The most important battle - certainly at local level - remains the issue of the cuts. Austerity continues and the overwhelming majority of councillors acquiesce to the Tory government's programme.
Sewell's approach is again one of passivity. When eye-watering cuts are being carried through we are supposed to join a local Labour Party - which bans us from membership - and move a resolution to oppose these cuts.
Even if you are able to do this, you are then confronted with the argument that this cannot be done because all decisions have already been made by right-wing dominated 'cabinets' - right-wing cabals which tightly control local Labour councils.

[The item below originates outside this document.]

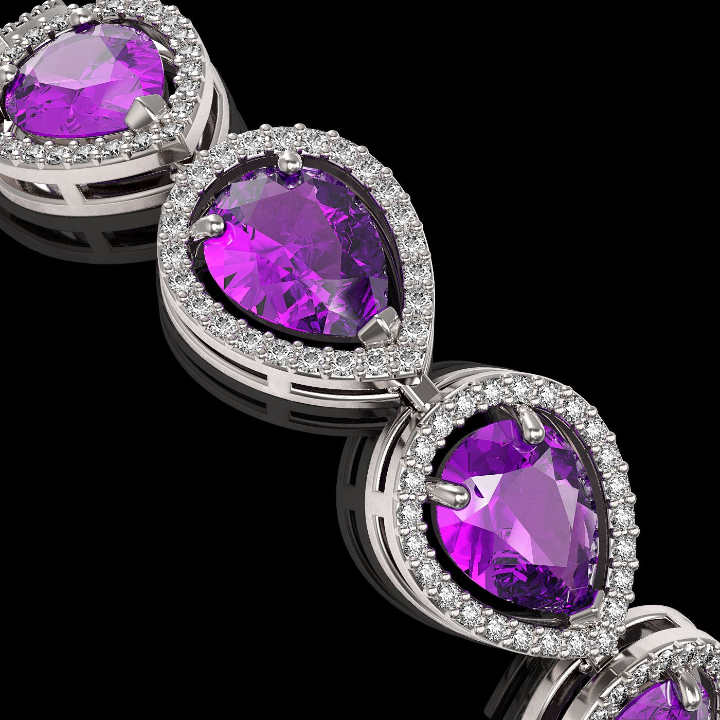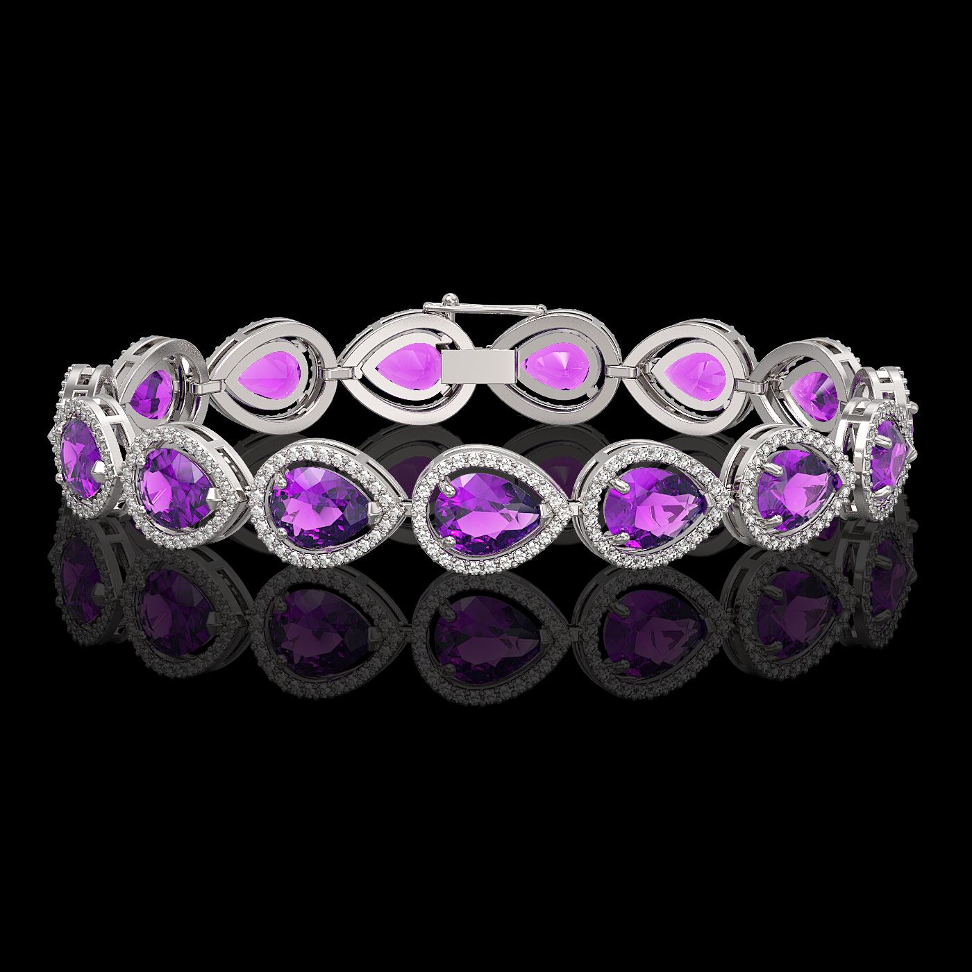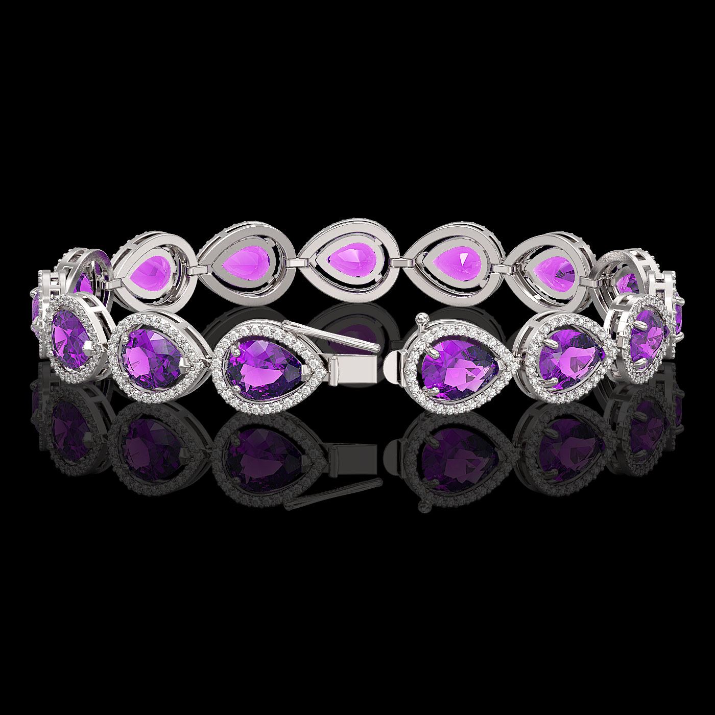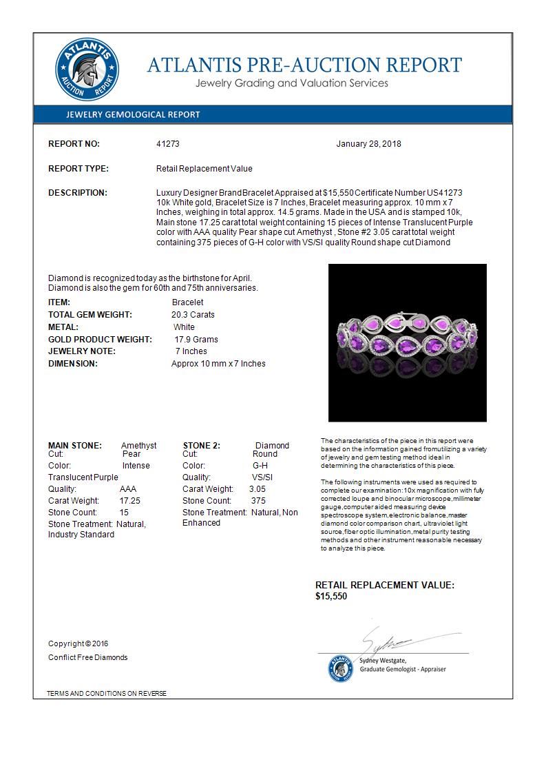 REF-282Y9K -41273 ---- 20.3 CTW Amethyst & Diamond Halo Bracelet 10K White Gold ---- Luxury Designer Brand Bracelet Appraised at $15,550 Certificate Number US41273 10k White gold, Bracelet Size is 7 Inches, Bracelet measuring approx. 10 mm x 7 Inches, weighing in total approx. 14.5 grams. Made in the USA and is stamped 10k, Main stone 17.25 carat total weight containing 15 pieces of Intense Translucent Purple color with AAA quality Pear shape cut Amethyst , Stone #2 3.05 carat total weight containing 375 pieces of G-H color with VS/SI quality Round shape cut Diamond

Of course, we support a struggle within the Labour Party to change this position but Sewell says change "is not going to happen any time soon." In the meantime, workers are losing their jobs as in Birmingham, at the hands of the right-wing Labour council, and elsewhere.
Workers and campaigners against cuts will not just go on strike but are beginning to pose the question of standing in local council elections, not against Jeremy Corbyn but the right wing that are in the process of stabbing him in the back by implementing Tory cuts.
We will not stand against Corbyn or committed Corbyn supporters, particularly where they are actively opposing and refusing to carry through the cuts.
But no such undertaking can or should be given to those carrying out cuts, especially while the right-wing continues to control not just the Labour machine but also most Labour councils.
At the same time, we will assist in every way in supporting the genuine fighting left within the Labour Party to effect real change. This is what we did in the general election when we were thanked by many Labour supporters for active support for Corbyn.
We correctly predicted that Corbyn could 'win' or dramatically improve his support on a radical programme. This approach offers the possibility of assisting the powerful urge for change at the base of the labour movement.
Momentum, despite claims to a mass membership, has not mobilised the potential for constitutional and political change. Consequently, there is a real danger that these new members can drift away, thereby strengthening the right wing.
The civil war goes on and the right as yet are not completely defeated. However, they can be through consistent struggle at the top and bottom of the labour movement.
But one thing is clear: this will not be achieved by the methods of the IMT, which passes for a 'Marxist' force. They are commentators, and bad commentators at that, who have little influence amongst young people, workers, or in the trade unions.
In contrast, the position of the Socialist Party offers a way to continue the battle to transform Labour into a mass fighting force.